Red, green and blue signals are what gets input into our brains, but that isn’t how we conceptualize colors best. The Hue-Saturation-Luminance model is much closer to how we think about colors. The model is based on breaking colors into three variables (hue, saturation, and luminance) that can be controlled independently to pinpoint a color.
To be sure, there are models that match human perception more closely. However, HSL is easy to conceptualize and a good space to use for designing color scales.
In the HSL space, there are three ways to show difference between two colors:
- Hue provides differences in what we typically think of as “color.”
- Saturation lets us distinguish how intense a color is.
- Luminance provides the greatest possible contrast.
Absolute white is as bright as a color can get, absolute black is as dark as it can get, and the distance between them is the farthest possible distance in the HSL color space. A black-white color scale will provide the greatest range of contrast.
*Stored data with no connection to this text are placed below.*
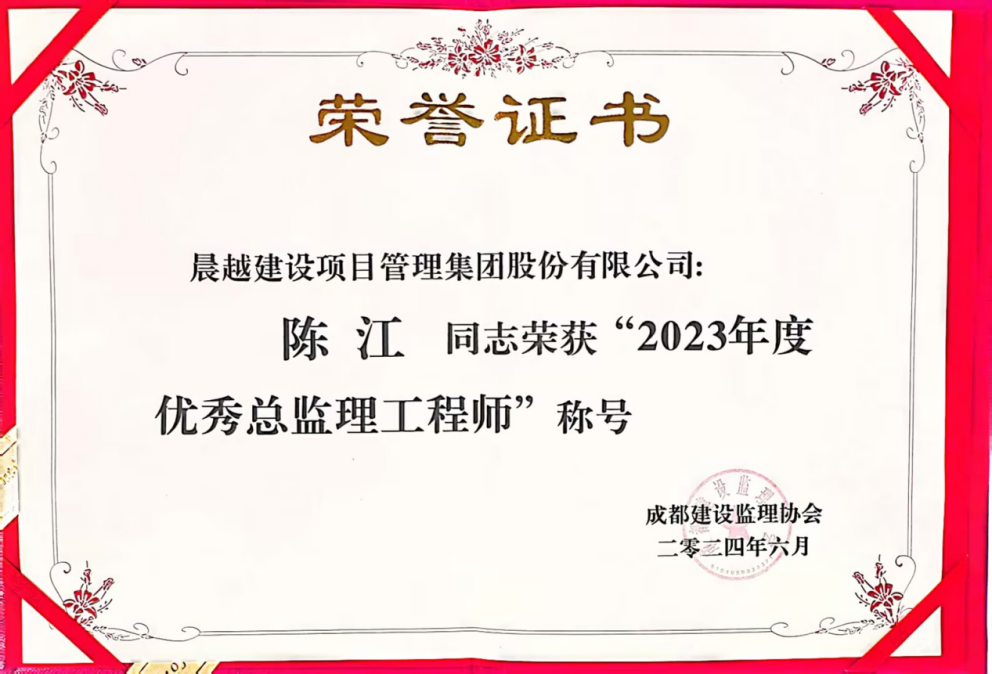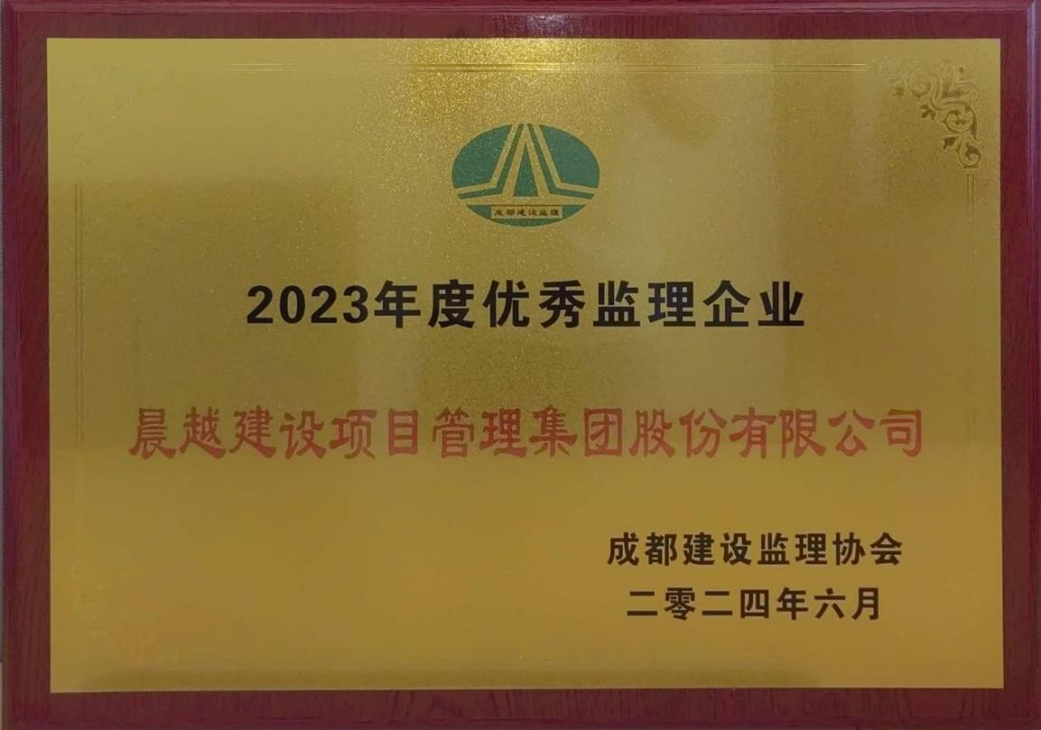近日,晨越建管集团喜获成都市建设监理协会颁发的“2023年度优秀监理企业”荣誉,四川省体育运动学校新校区项目获“2023年度示范项目监理机构”荣誉,集团总监陈江荣获“2023年度优秀总监理工程师”称号。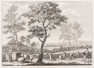 ...depicts a harvest scene of the late Renaissance. In addition to its fine quality as an etching, the work is also significant as a portrayal of historic conditions, interpreted in pastoral style.
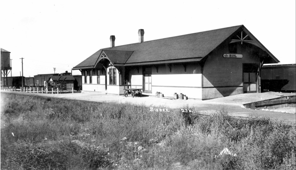 - Railroad station (depot) at Buhl. A water tower and a smaller outbuilding at left; several rail cars on tracks behind station.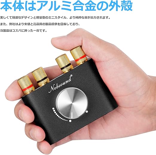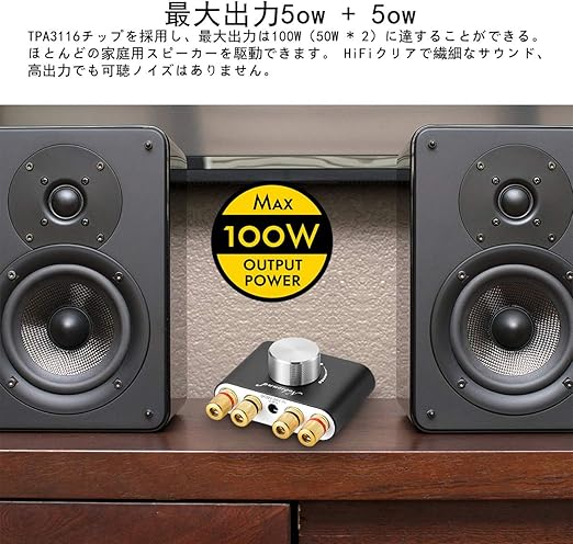 Nousoundの特製チップを採用され、最大パワーは100W(50*50W)になり、 ほとんどの家庭用スピーカーを簡単に駆動ですます。HIFIのクリアで繊細のサウンドで、大音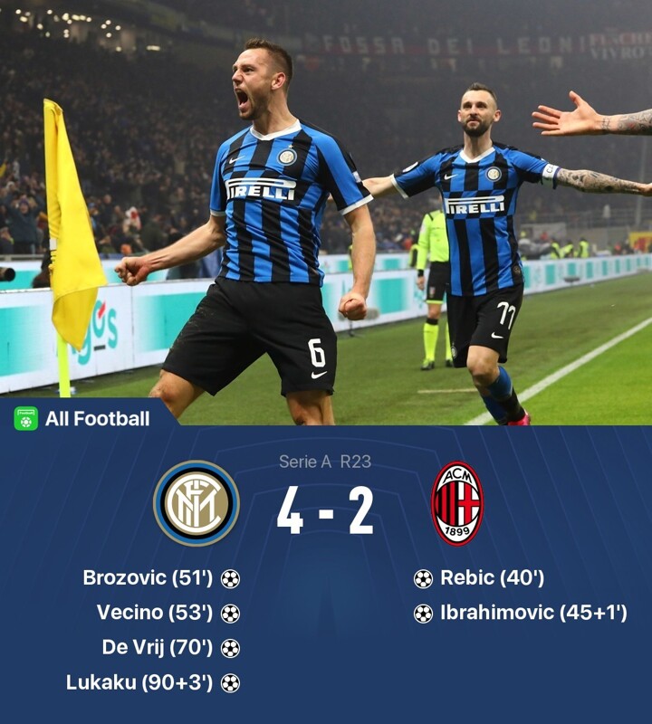 Inter 4-2 Milan: Ibra's effort in vain as huge comeback helps Inter surpass Juve
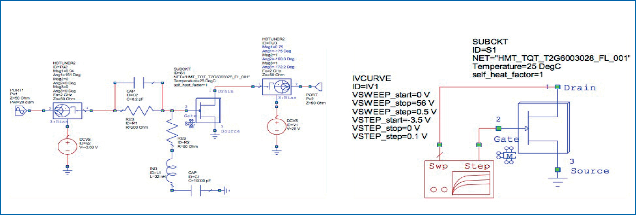 - Figure 1: Initial load-line analysis and harmonic impedance tuning. Left side is the schematic to bias and stabilize transistor and right is the IV curve simulation schematic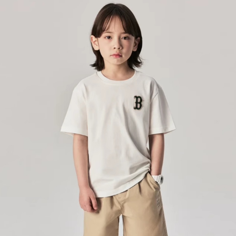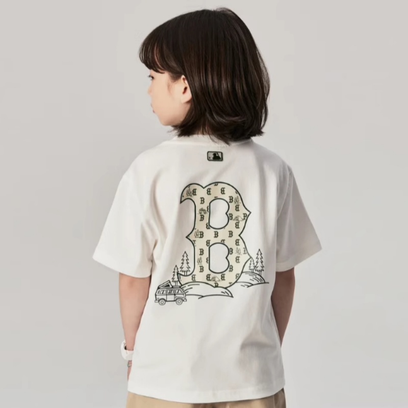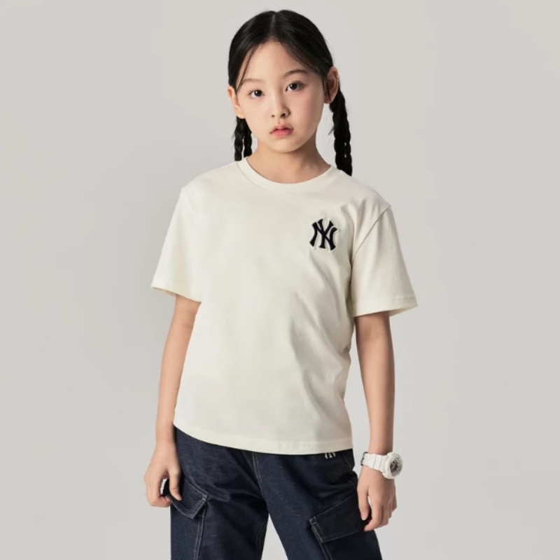 24新款MLB儿童短袖男女童NY刺绣复古老花休闲运动T恤7ATSM0643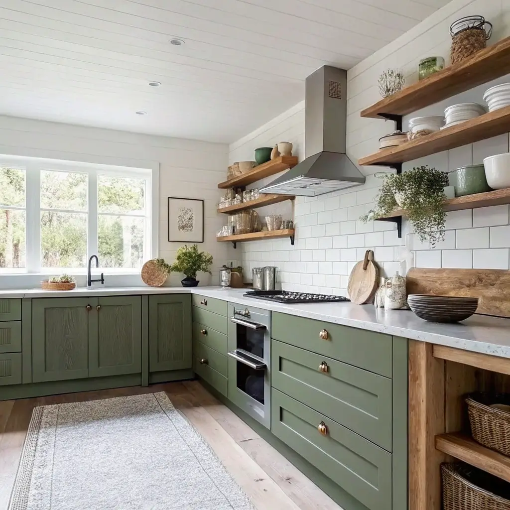 Consider doing just the lower cabinets in olive green while keeping uppers white or open. This grounds the space without making it feel cave-like. Or flip it – olive upper cabinets with a white lower section and countertops can actually make your ceilings look higher.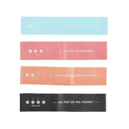 Informations Techniques : Dimensions : L. 19 x l. 9 x H. 3 cm Matière : Caoutchouc Spécificités : Pratique & Utile Lot de 4 Bandes de Résistance Spécial Fitness Pour tous les Niveaux 4 Intensités différentes Facile à Transporter & à Stocker S'utilise pour un programme Minceur, l'Entraînement Muscul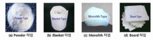 출처: 산업통상자원부(건축용 에어로젤 단열재의 성능평가방법 국제표준화에 관한 보고서), 여러 형태의 에어로겔 단열재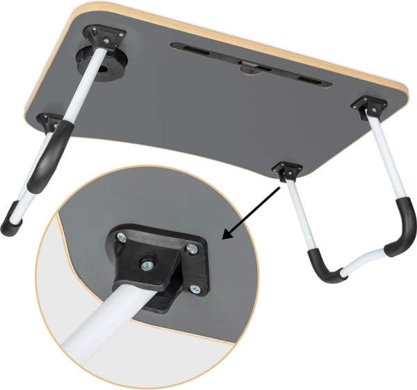 Nyd arbejdet hjemmefra med den bærbare sammenklappelige bord til bærbar computer, der giver dig maksimal komfort. Du kan sidde behageligt på sofaen, folde bordet ud og begynde at arbejde i en bekvem position. Designet fremmer god ventilation omkring enheden, hvilket forhindrer overophedning af den bærbare computer.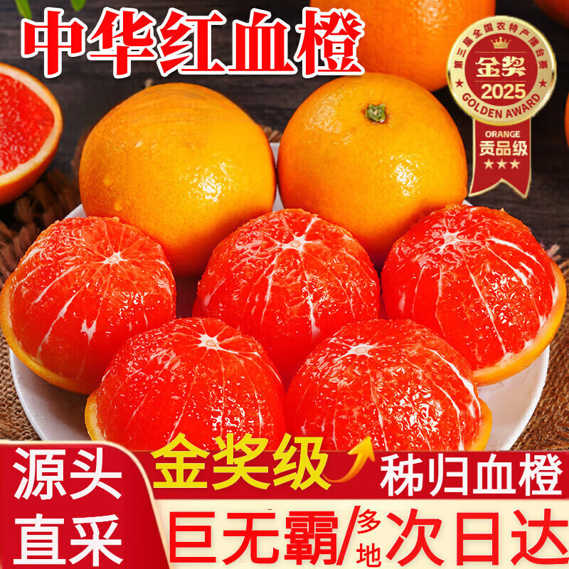 源惠鲜礼 湖北秭归中华红橙新鲜 中华红血橙 2斤试吃装【60-65mm】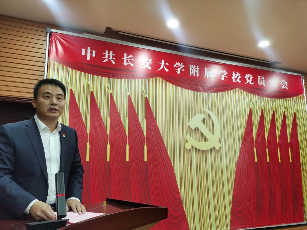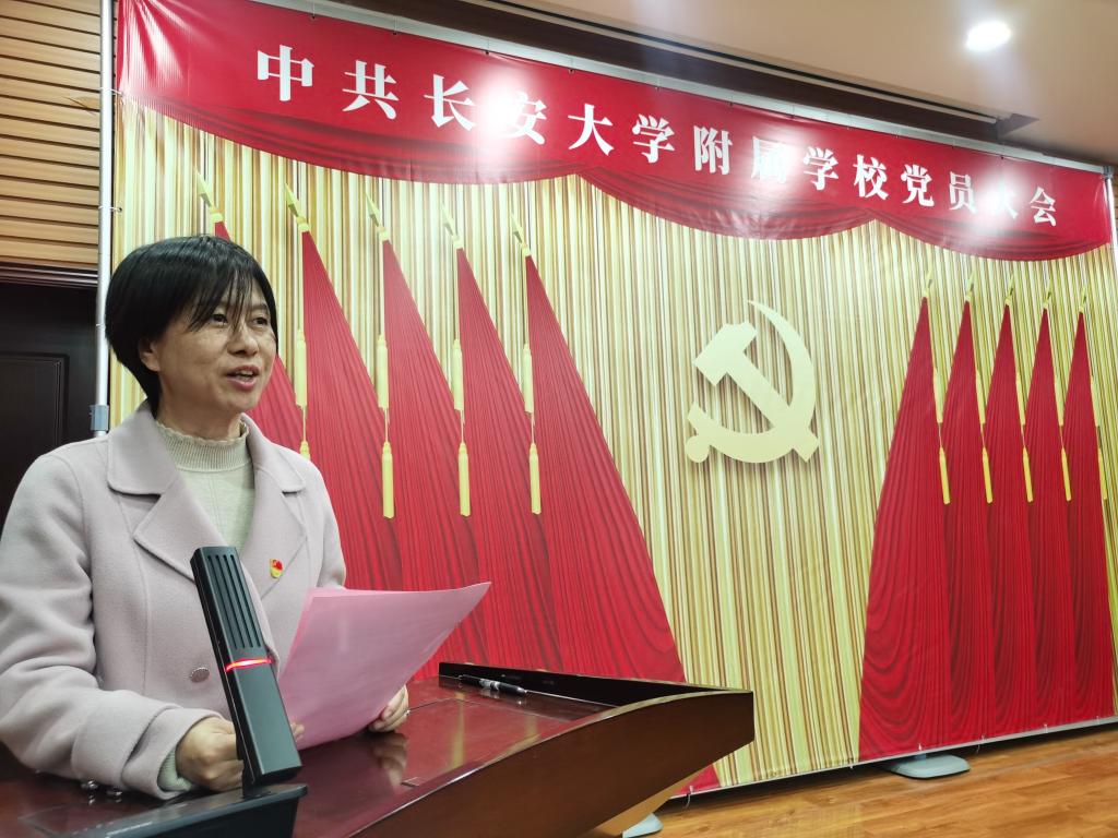 2025年11月26日下午,中共长安大学附属学校党员大会在阶梯教室隆重召开,附属学校党政领导及全体党员参加了会议,党办主任李国光、纪委秘书杨梦瑶出席并指导会议召开。会议由基础教育办公室主任、附属学校校长雷显锋主持。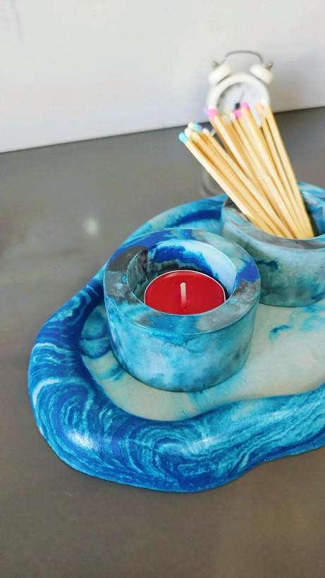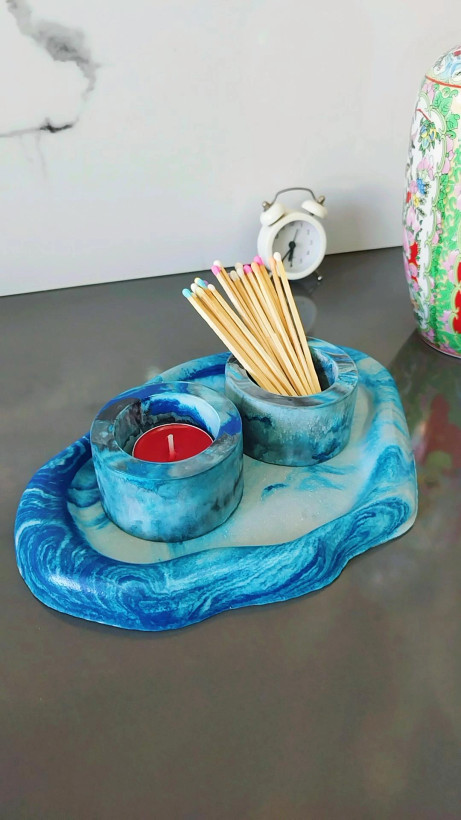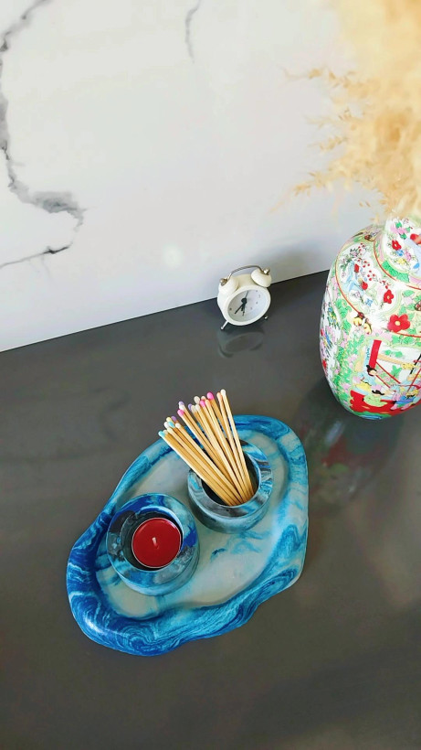 ست دکوری 3تکه سینی دفرمه رنگی با دو عدد شات جای شمع /خلال/کبریت و..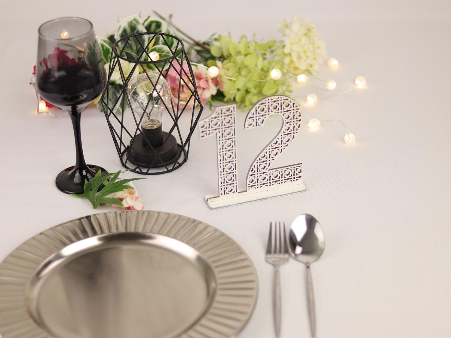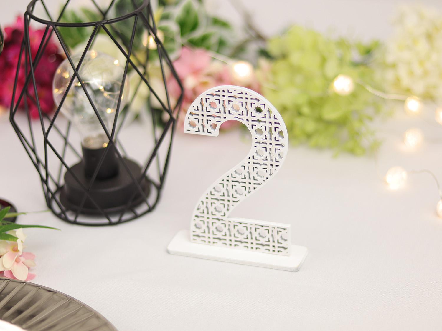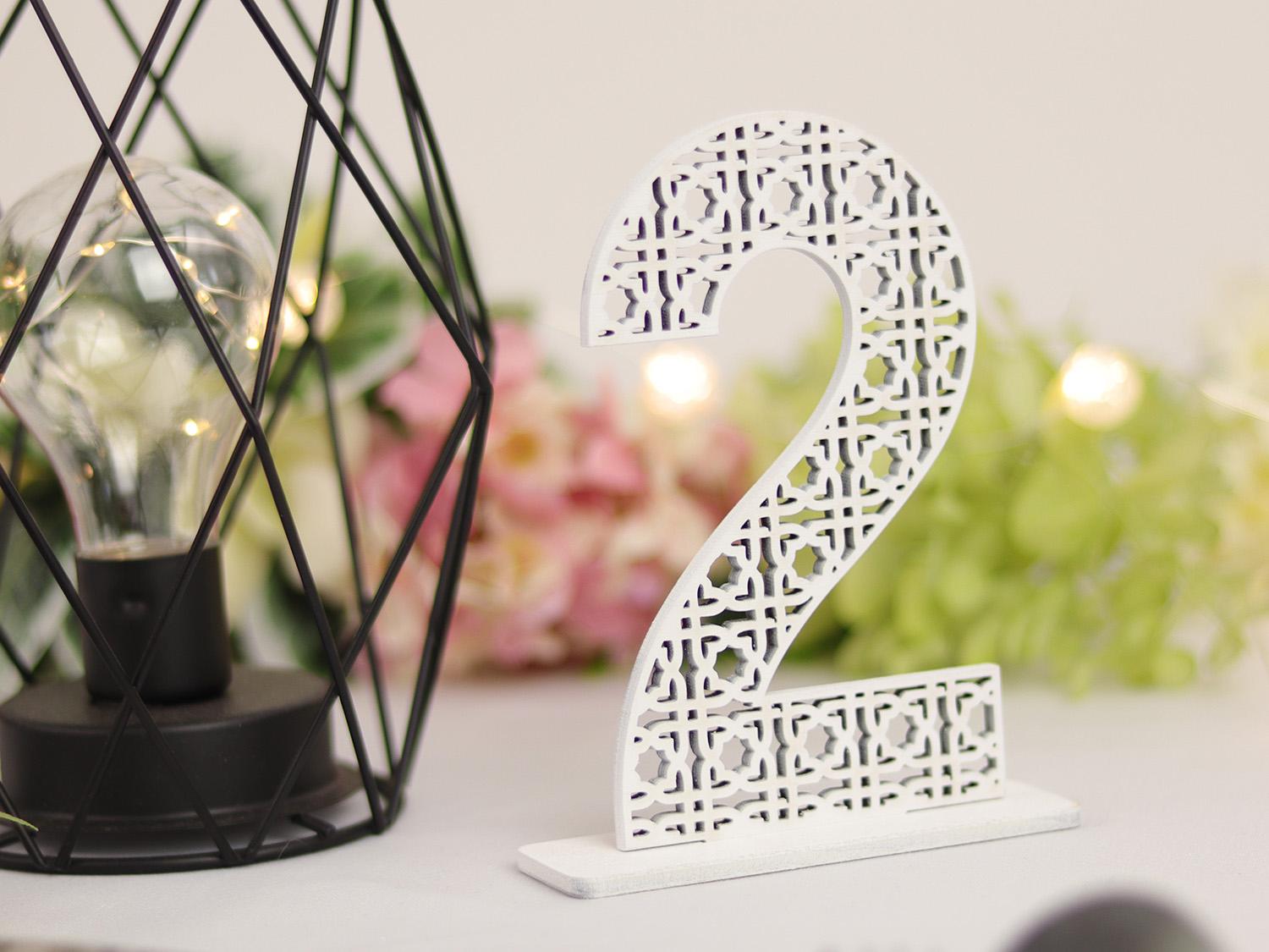 Transformă mesele invitaților într-un adevărat spectacol vizual cu numerele de masă din lemn cu pattern oriental, tăiate pe laser și vopsite alb.

Unfortunately, without any hues, a black-white scale is a very dull color scale. So if black-white is ideal for the data, but not the design, we need to add some color. A color-to-white or color-to-black color scale can be extremely effective, and will fit in with many designs.
Even these color scales may not have enough color, though. Sometimes you need two colors. This is where hue contrast also becomes fairly important. Two colors that have very close hues will be difficult to differentiate, and will not show variation in the data well. Hue is measured in degrees since it wraps around. A 180º difference in hues produces complimentary colors, and their hues will be as far apart as possible. Unfortunately, complimentary colors aren’t always a good color scheme. As a rule of thumb, hues that have at least a 60º difference should produce good results.
Fading to gray from a saturated hue will be less effective than either of these methods because it will have almost no hue contrast, and low brightness contrast. In the example below, the bottom bar is the grayscale version of the top bar.
Sometimes the data has a critical threshold in it. For example, net income is great as long as it is positive. As soon as it becomes negative, that is a critical point. Other times there is still a threshold, but it is not a hard line that is critical. Temperature starts to become hot at around 75ºF, but before that it’s fairly cool.
Interpolation between colors is an important factor as well. Interpolation across hue in HSL produces rainbow color scales, and is not a good idea. Interpolating in YUV, RGB, and CMYK color spaces can all be effective, depending on the colors you are using.
There are a few other issues to keep in mind when designing color scales:
Color blindness is major problem, and color scales with red and green components should be avoided so that there is no confusion for color blind individuals.
If something will be printed on a black and white printer (rare in today’s world), make sure there is contrast in the brightness of the scale.
Look out for artificial edges in the color scale that might make a value in the data look more significant than it is. Often, yellow is the culprit for artificial edges.
Designing good color scales can be a difficult task, but watching out for the confounding issues and starting with a good set of colors can go a long way. It is far from impossible to get a color scale that both looks good and displays data effectively.